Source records
============

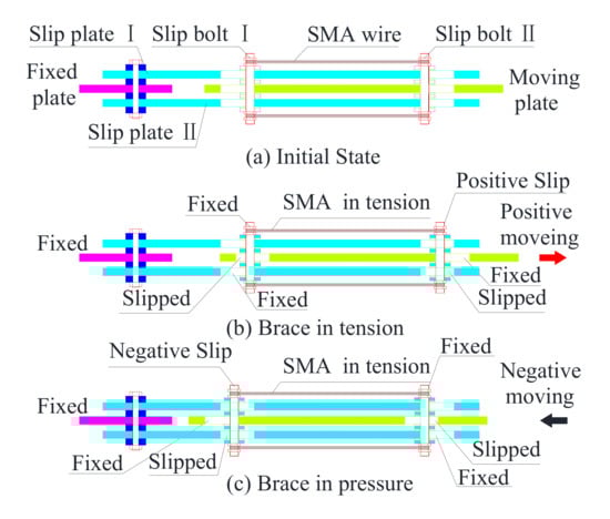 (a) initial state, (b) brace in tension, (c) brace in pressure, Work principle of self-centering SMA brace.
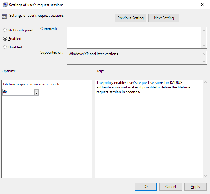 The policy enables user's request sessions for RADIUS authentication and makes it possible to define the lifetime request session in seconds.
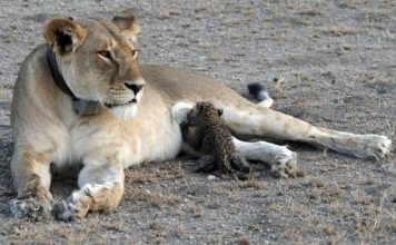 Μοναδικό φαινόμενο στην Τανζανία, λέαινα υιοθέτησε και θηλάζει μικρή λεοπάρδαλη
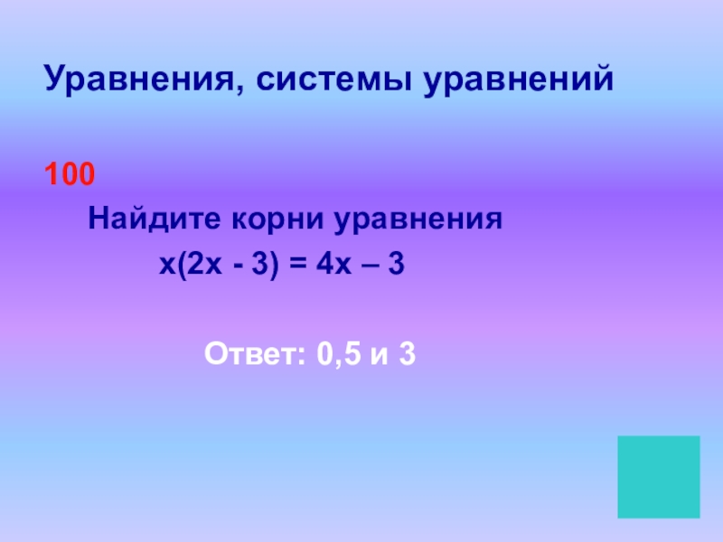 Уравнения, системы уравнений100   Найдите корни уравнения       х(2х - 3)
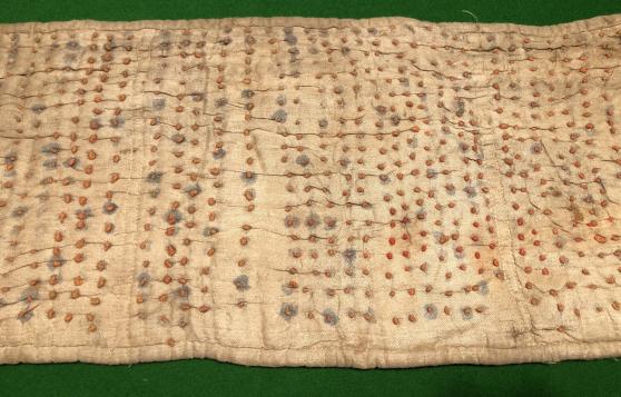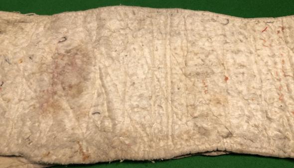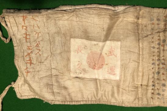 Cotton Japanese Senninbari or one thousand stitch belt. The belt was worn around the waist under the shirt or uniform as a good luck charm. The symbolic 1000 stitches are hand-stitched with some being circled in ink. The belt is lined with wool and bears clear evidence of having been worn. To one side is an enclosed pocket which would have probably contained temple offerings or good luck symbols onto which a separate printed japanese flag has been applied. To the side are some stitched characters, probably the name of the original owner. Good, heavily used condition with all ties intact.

============

WHAT TO PRODUCE — Using the data above, retype exactly the lines from the line with "Μοναδικό φαινόμενο στην" to the line with "Уравнения, системы уравнений100", inclusive. No pictures and nothing else.

SOLUTION BELOW —
 Μοναδικό φαινόμενο στην Τανζανία, λέαινα υιοθέτησε και θηλάζει μικρή λεοπάρδαλη
 Уравнения, системы уравнений100   Найдите корни уравнения       х(2х - 3)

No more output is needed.